From the 1980’s to the 1990’s call center outsourcing moved to countries abroad such as India, Mexico and the Philippines due to the lower cost of operation. However, loss of revenue, complaints of poor quality service, increased cost, and harsh criticism over security has prompted many businesses to come back onshore.
LOWER QUALITY SERVICE
Lured by the promise of lower overhead and wages, companies were blind sighted to potential problems that could arise from sending their Customer Service jobs overseas. More than half of customer service outsourcing projects that were sent to India or other countries turned out to be a customer service nightmare. With lower service standards, a language barrier and overall lower education, these companies were quickly losing customers due to bad customer service. A 2010 study showed that only 58% of customers were satisfied when a call was handled by offshore agents versus 79% who were satisfied when dealing with U.S. based agents.
When businesses first started moving their call centers abroad, wages were significantly lower. However, over the last decade or so, wages have been on the rise as much as 20% due to tightening competition. The cost difference between operating a call center in the US vs India had narrowed to a marginal 10%. Centers were realizing, also, that the cost savings that had been coming from lower operation costs, were being lost as customers switched to competitors with better customer service. Shifting back to the domestic sphere made much more financial sense. With higher educated employees who had no language barrier, and an understanding of local culture, they could offer better customer service.
SECURITY AND FRAUD
Outsourced call centers situated in foreign countries have faced increased scrutiny, as more and more problems arise due to issues of security and fraud. Whereas American call centers have a strict hiring policy and background checks that mitigate many of these potential issues with security, the hiring process in countries such as India are not as stringent.

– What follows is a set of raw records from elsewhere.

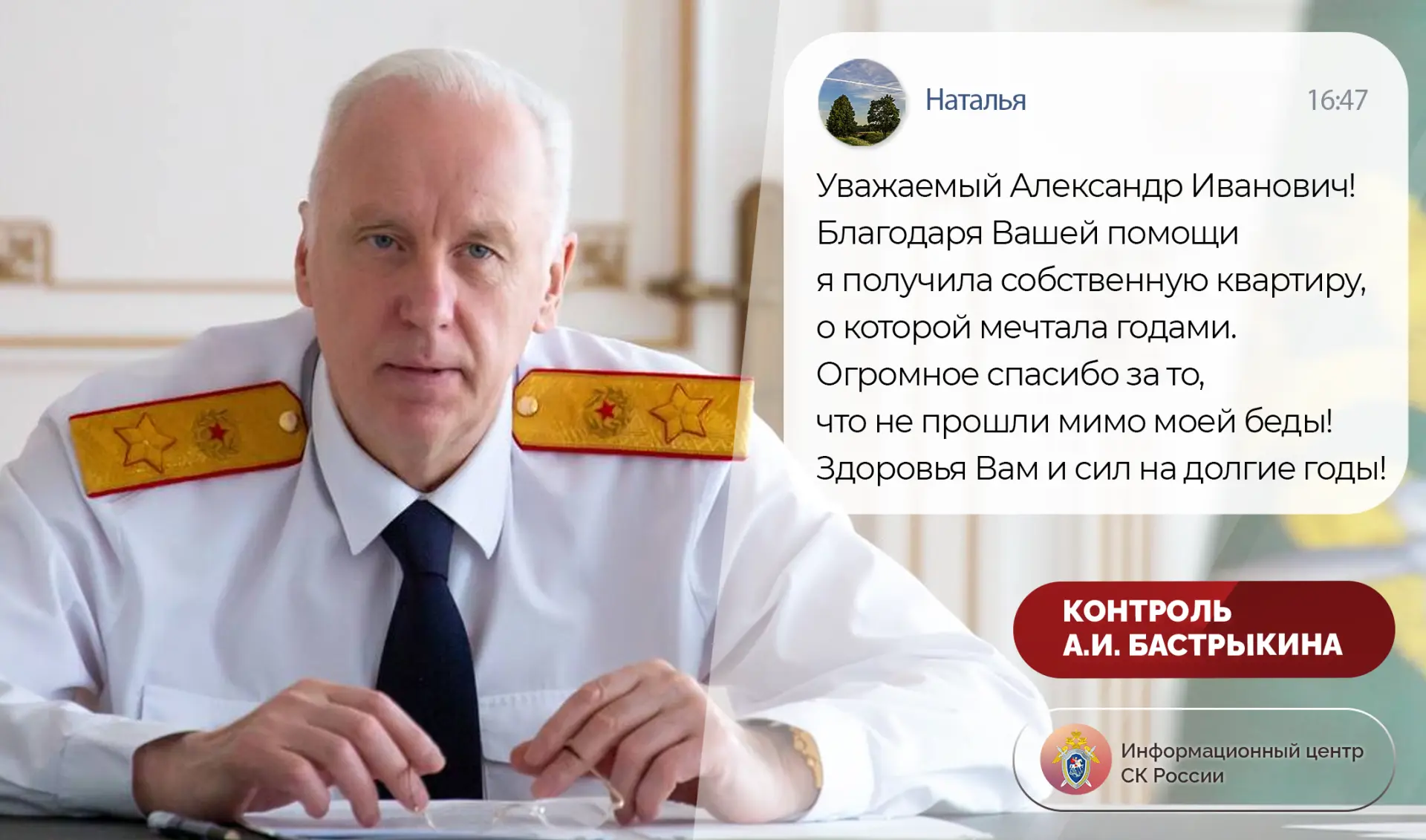 «Уважаемый Александр Иванович! Благодаря Вашей помощи я получила собственную квартиру, о которой мечтала годами. Огромное спасибо за то, что не прошли мимо моей беды! Здоровья Вам и сил на долгие годы!»
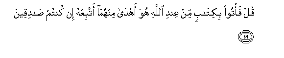 49. Qul fa/too bikitabin min AAindi Allahi huwa ahda minhuma attabiAAhu in kuntum sadiqeena
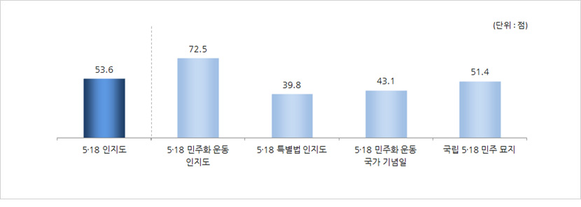 - 5·18 인지도는 53.6점으로 나타남. 5·18 인지도의 항목별로 살펴보면 5·18민주화운동 인지도(인지: 86.8%)가 72.5점으로 가장 높고, 다음으로 국립5·18민주묘지(51.4점, 인지: 64.5%), 5·18민주화운동 국가기념일(43.1점, 인지: 53.6%), 5·18특별법(39.8점, 인지: 48.3%)의 순으로 나타남.

Other problems such as tightening labor markets, appreciating currencies, dealing with hiring knowledgable legal council skilled in foreign law, recruiting and management of overseas sites have pushed companies back to domestic soil.
Over the next 3 years only 4% of companies plan to employ offshore call center agents. Meanwhile, the number of American’s employed at call centers has continued to rise. Between 2009 and 2012, U.S. based call centers grew at an annual rate of around 20%. That growth is projected to stay the same until at least 2018.